Displaced Palestinians, who fled their houses due to Israeli strikes, look out from a window as they take shelter, amid the ongoing conflict between Israel and Hamas, in Khan Younis in the southern Gaza Strip, July 24, 2024. (Reuters)
Displaced Palestinians, who fled their houses due to Israeli strikes, look out from a window as they take shelter, amid the ongoing conflict between Israel and Hamas, in Khan Younis in the southern Gaza Strip, July 24, 2024. (Reuters)

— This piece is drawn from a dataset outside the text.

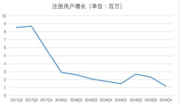 失去了螞蟻金服的導流,自2017年第四季度起,趣店的注冊用戶增長速度直線下滑,趣店陷入增長停滯困局。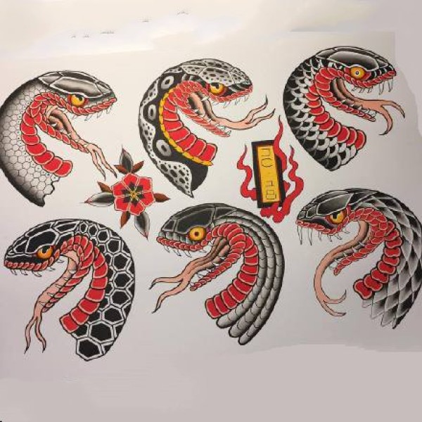 日式小图手稿:25张传统风格的彩色小日式纹身手稿图案

The World Health Organization is sending more than one million polio vaccines to Gaza to be administered over the coming weeks to prevent children being infected after the virus was detected in sewage samples, its chief said on Friday.

"While no cases of polio have been recorded yet, without immediate action, it is just a matter of time before it reaches the thousands of children who have been left unprotected," Director-General Tedros Adhanom Ghebreyesus said in an opinion piece in Britain's The Guardian newspaper.

He wrote that children under five were most at risk from the viral disease, and especially infants under two since normal vaccination campaigns have been disrupted by more than nine months of conflict.

Poliomyelitis, which is spread mainly through the fecal-oral route, is a highly infectious virus that can invade the nervous system and cause paralysis. Cases of polio have declined by 99% worldwide since 1988 thanks to mass vaccination campaigns and efforts continue to eradicate it completely.

Israel's military said on Sunday it would start offering the polio vaccine to soldiers serving in the Gaza Strip after remnants of the virus were found in test samples in the enclave.

Besides polio, the UN reported last week a widespread increase in cases of Hepatitis A, dysentery and gastroenteritis as sanitary conditions deteriorate in Gaza, with sewage spilling into the streets near some camps for displaced people.